Consumers vary in their preference. Some like very green, acid, others prefer yellow, fully ripe fruit with the strong oxalic acid/tannin taste and others favour the milder types. Oxalic acid and tannins strongly influence taste, and are present in higher levels in the ridges of the fruit wings than in the body of the fruit.

The maturity stages of the fruit influences taste considerably and sugar levels do not increase after harvest. Most varieties must be picked at near full colour development (either orange, yellow or yellow/white) to ensure maximum sweetness.

Carambola are lovely eaten fresh and because of their star shaped form when sliced, make a very attractive accompaniment or garnish to pavlovas, fruit salad, gateaux’s and platters. They compliment seafood dishes and savoury salads well and make a refreshing drink when juiced.

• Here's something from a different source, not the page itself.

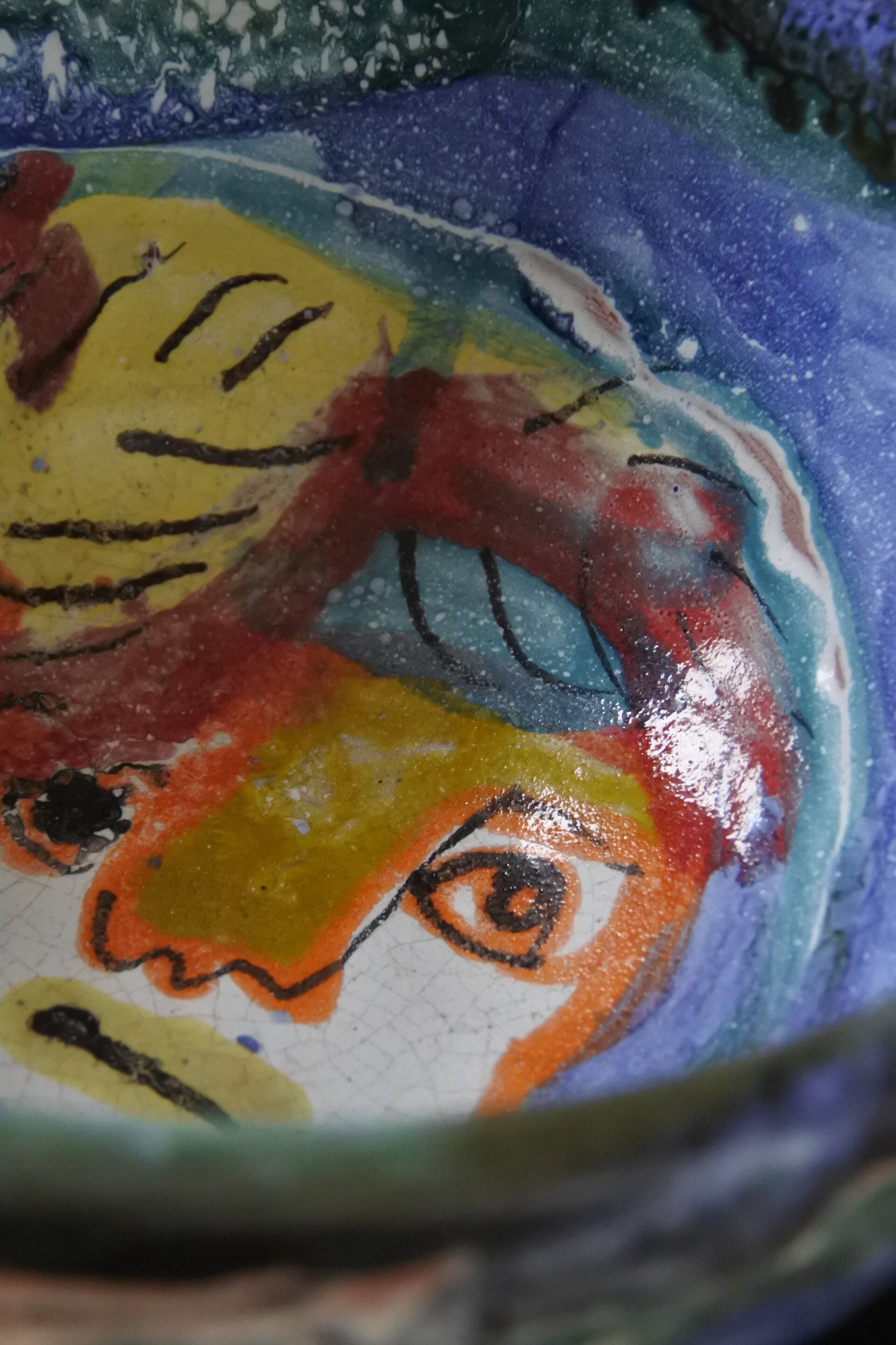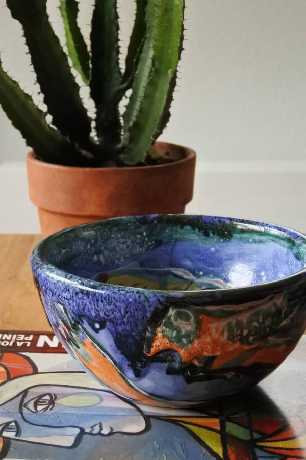 Goedemorgen, mensen, kinderen, die is mooi. T'lijkt wel een Picasso man! tsja we heten misschien wel zjiek maar als we zoiets moois tegen het lijf lopen dan vergeten we spontaan chic te blijven. Deze ronde aardewerken schaal is aan zowel de binnen- als buitenzijde prachtig gedecoreerd in picasso stijl. Je kunt hem gebruiken als fruitschaal maar wij zouden deze knapperd persoonlijk puur decoratief neerzetten anders komt de mooie binnenzijde niet tot zijn recht. Maar als jij er pasta in wilt serveren, who are we to judge ;)

The trees grow best in a tropical to subtropical climate, with 1500-3000mm of rain, well distributed throughout the year. Carambola fruit are grown successfully as far south as northern New South Wales, where growth is slower. Trees grown in drier areas like Cairns, Cardwell, Mareeba and Townsville-Ayr produce sweeter fruits than areas such as Daintree, Innisfail and Tully, in Queensland.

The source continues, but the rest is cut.